I packed away all the gear. I washed the brushes in the sink. I left at 6:00 AM exactly. I took several deep gulps of Paris air as I walked down the still-dark street toward the boulangerie. My usual two pains. One eaten on the way home, the second with hot chocolate after a shower. Then—with the aid of Zopiclone—seven hours of void until t
he alarm woke me at two and a new day started.
That night, I finished painting the walls. I sanded down the woodwork. I left at six. The next night, I finished glossing all the woodwork. Again, there was no activity whatsoever on the monitor. At six that morning, I moved all the empty cans and paint gear out of the office and dumped the lot in the rubbish bins at the end of the alley. When I awoke that afternoon, I went straight over to the café to collect my wages. For the third day running, Mr. Beard with the Prayer Bruise was behind the counter.
“Still no Kamal?” I asked.
“He goes away.”
“He didn’t say anything to me about that.”
“Family problems.”
“Is there a number I could call him on?” I asked.
“Why you want to call him?”
“I liked him. We got on well. And if he’s got some personal problems . . .”
“There is no number for him.”
The tone of voice was definitive. It also didn’t encourage further questioning. So I picked up my pay envelope and said nothing, except, “I want to buy a few more things for the office. Might you be able to get a message from me to the boss?”
“You tell me what you need.”
“A small refrigerator and an electric kettle. It’s very hard to work in that room all night without coffee or hot water. I’d also like a rug. The concrete floor still gives off a bit of damp—”
“I tell him,” he said, cutting me off. Then he picked up a rag and started swabbing down the bar. Our conversation was over.

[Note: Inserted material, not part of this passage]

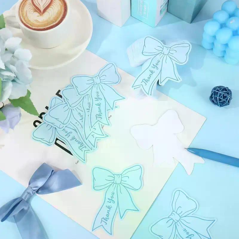 50pcs Bow DIY Handwritten Family Party Gift Card Child Birthday Gift Card Restaurant Business Mini Thank You Card

When I arrived at work that night, a fridge was awaiting me in a corner of the room. Though somewhat battered—with hints of rust on its hinges—it was still working. So too was the electric kettle positioned on top of it. It looked new. When I filled it with water, it boiled its contents in less than a minute. The only problem was, I didn’t have any coffee or tea on hand. But, at least, I now knew that the man in charge was amenable to certain requests—even though there was still no rug.
But there was a change in my usual routine: a visitor in the alleyway. He arrived at 1:48 AM precisely. The phone rang on my desk, jolting me. I looked away from my Simenon novel and turned immediately to the monitor and saw a man of indeterminate age (the grainy image made it hard to discern his features) standing outside. I was instantly nervous. I picked up the phone and said, “Oui?”